Is it still worth my time to sit through that?

I'd still like to think so.

With the last two episodes left to go, I have to hope so.

Because along the way, this show still shows hints of what I already knew it was set up to do. It finds the time near the middle to finally let its cast breathe for once. They go for lunch, have a spot of cheesy-but-heartfelt self-discovery, and then go off ever-so-slightly changed to hang out the next day.

You know, the messy ebb and flow that real life tends to have.

I just had to spend a third of the darned series getting there, which is a shame for a studio that's been storytelling for over two decades.

Ah, domestic bickering.
<em>In life and in storytelling downtime is valuable<em>

Would I have stuck around without the good will I'd had built up from its predecessors?

Absolutely not.

But I still maintain trust for stories that understand the value of space. That find value in following a character's lunchtime routine, or detailing their latest harmless prank, or letting them play baseball for a spell. And while The Day I Became A God doesn't ever quite get there full-time, its trying-and-failing reinforces just how much I adore shows that do pull it off.

That might not hold true for everyone, sure. “Everyday shenanigans” just isn't a universally-appealing pitch for an episode of television.
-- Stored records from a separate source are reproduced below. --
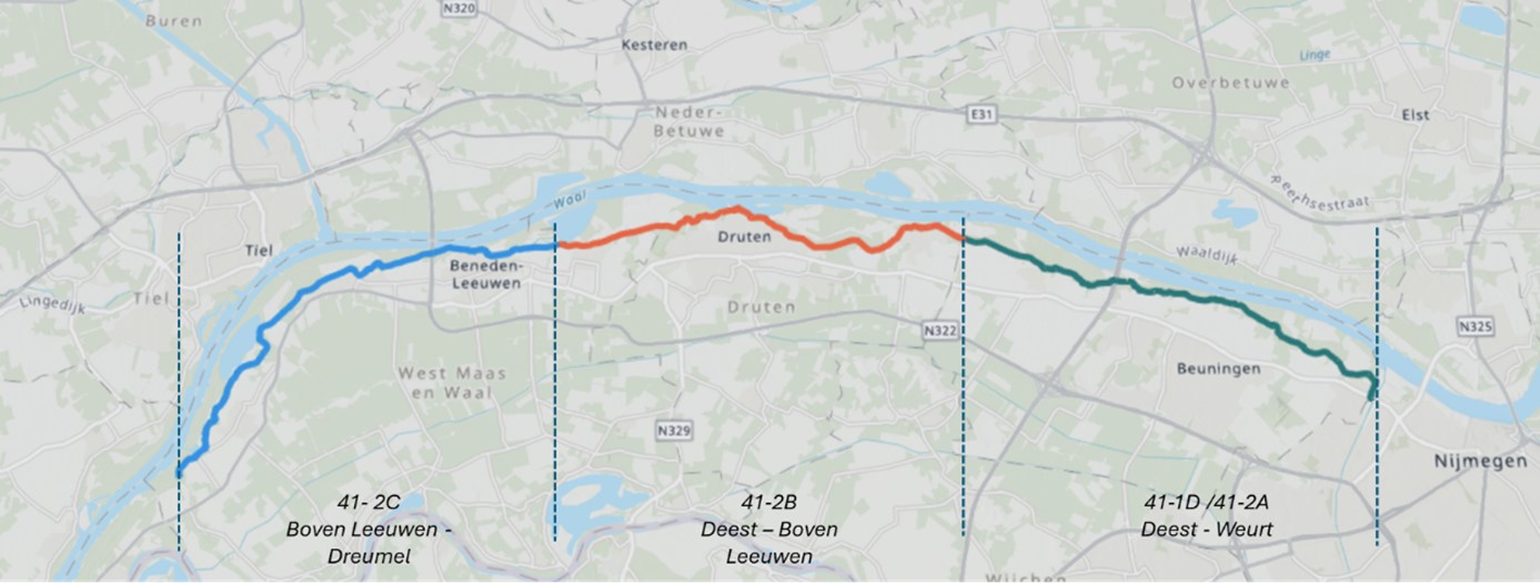 Het project ‘Zuidelijke Waaldijk Oost’ is opgedeeld in drie dijktrajecten:
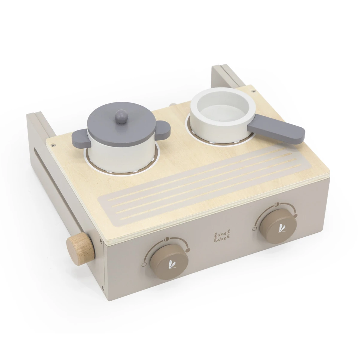 Je kleine zal zich een ware chef voelen als hij/zij aan het koken is op dit houten kookstel van Label Label! Deze compacte set heeft 2 kookpitten met draaiknoppen om ze in te stellen. Daarnaast is de set uitgerust met een steelpannetje, pannetje, peper- en zoutstel, een mes, spatel en een opscheplepel.
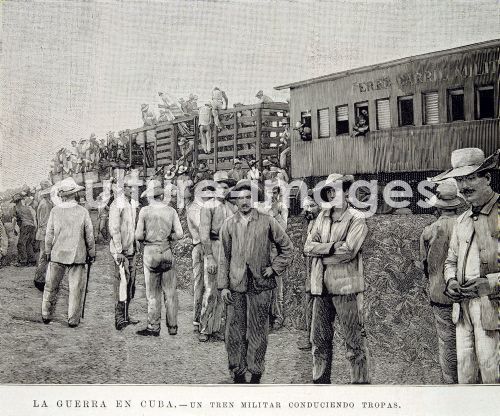 Kämpfe der Kolonie Kuba um Unabhängigkeit von Spanien, 1868 - 1898. TREN MILITAR CONDUCIENDO TROPAS, 1898 Stich - GUERRA DE CUBA 1868 - 1898 NOMBRE GENERICO CON EL QUE SE CONOCE LAS TRES GUERRAS POR LA INDEPENDENCIA DE CUBA DE ESPAÑA TREN MILITAR CONDUCIENDO TROPAS, 1898 Grabado DE LA , Illustration

There's tons of reasons to want more density than that in a story.

But giving a person – even a fictional one – the room to express themselves is a sure way to build empathy toward them. Even if they're abrasive a lot of the time, it still gives you a sense of what makes each one tick.

And that's the kind of core you can really hang a drama on.

Even and especially if it ends up being a bit of a hokey mess.